- Native name: محمد الجاسم
- Born: 1987 (age 38–39) Jousa, Hama, Syria
- Allegiance: Syrian opposition (2011–2024); Syrian National Army (until 2025); Syria (since 2025);
- Rank: Brigadier General
- Commands: Sultan Suleiman Shah Division (SNA); 62nd Division (Syrian Army);
- Conflicts: Syrian Civil War Al-Nusra Front–SRF/Hazzm Movement conflict; Operation Olive Branch; East Aleppo offensive (2024–2025)^{[citation needed]}; ;

= Mohammed al-Jassem =

Syrian Army General

Mohammed al-Jassem (محمد الجاسم, born in 1987, Jousa, Hama Governorate), also known by his nom de guerre Abu Amsha (أبو عمشة) is a Syrian Army general commanding the 62nd Division. He had previously served as the leader of the Sultan Suleiman Shah Division, a faction within the Turkish-supported group known as the Syrian National Army.
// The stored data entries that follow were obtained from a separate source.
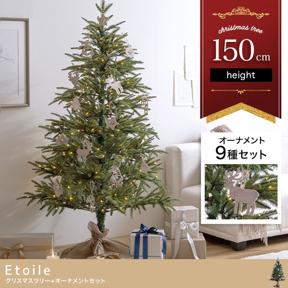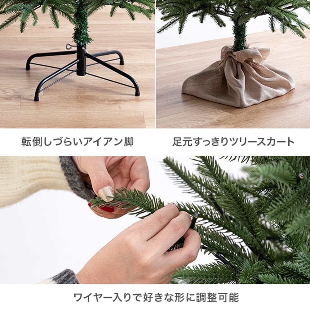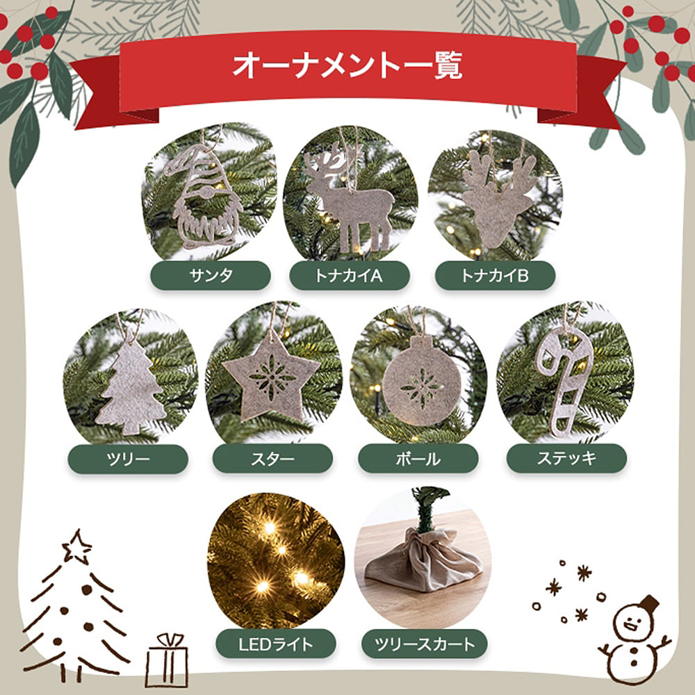 | 備考 | 組立品 ※組み立て時間:1人以上で約5分(飾り付け時間除く) ※組み立て工具は不要。 【付属品】 ・LEDライト1セット(電球の数:250灯) ・ツリースカート1セット ・フェルトオーナメント14点 ※商品の色味に関してましては、できる限り実物に近くなる様に努めておりますが、ご利用のモニターやデバイスの発色によりまして、実物と異なって見える場合がございます。 |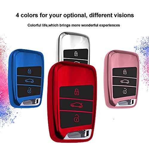 KASER Cover Guscio Chiave Silicone compatibile per VW Volkswagen Custodia in TPU adatto per VW Golf MK7 Seat Ibiza Leon Skoda Octavia Protezione Telecomando con Portachiavi (Rosso)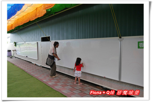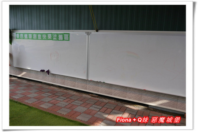 一整面讓遊客可以隨意彩繪創作的香皂臘筆塗鴉牆,直接拿香皂在白板上畫畫,畫完可以很輕易的擦掉,Q妹拉著阿公一起畫的很開心,哈哈 !

Abu Amsha gained prominence during the Syrian civil war after joining several opposition military groups. He also became well known in March 2025, after participating in the 2025 massacres of Syrian Alawites, in which he participated as the commander of the Hama division within the newly re-formed Syrian Army under the command of Murhaf Abu Qasra.

== Military career ==
Before the outbreak of the Syrian civil war, al-Jassem worked as a tractor and harvester driver in the Syrian countryside. With the onset of the conflict in 2011, he joined an armed opposition group known as "Khat Al-Nar" (Fire Line), which later merged with the "Martyrs of Hiyalin Battalion". On 19 November 2012, he co-founded the "Fire Line Brigade" in northern Hama Governorate.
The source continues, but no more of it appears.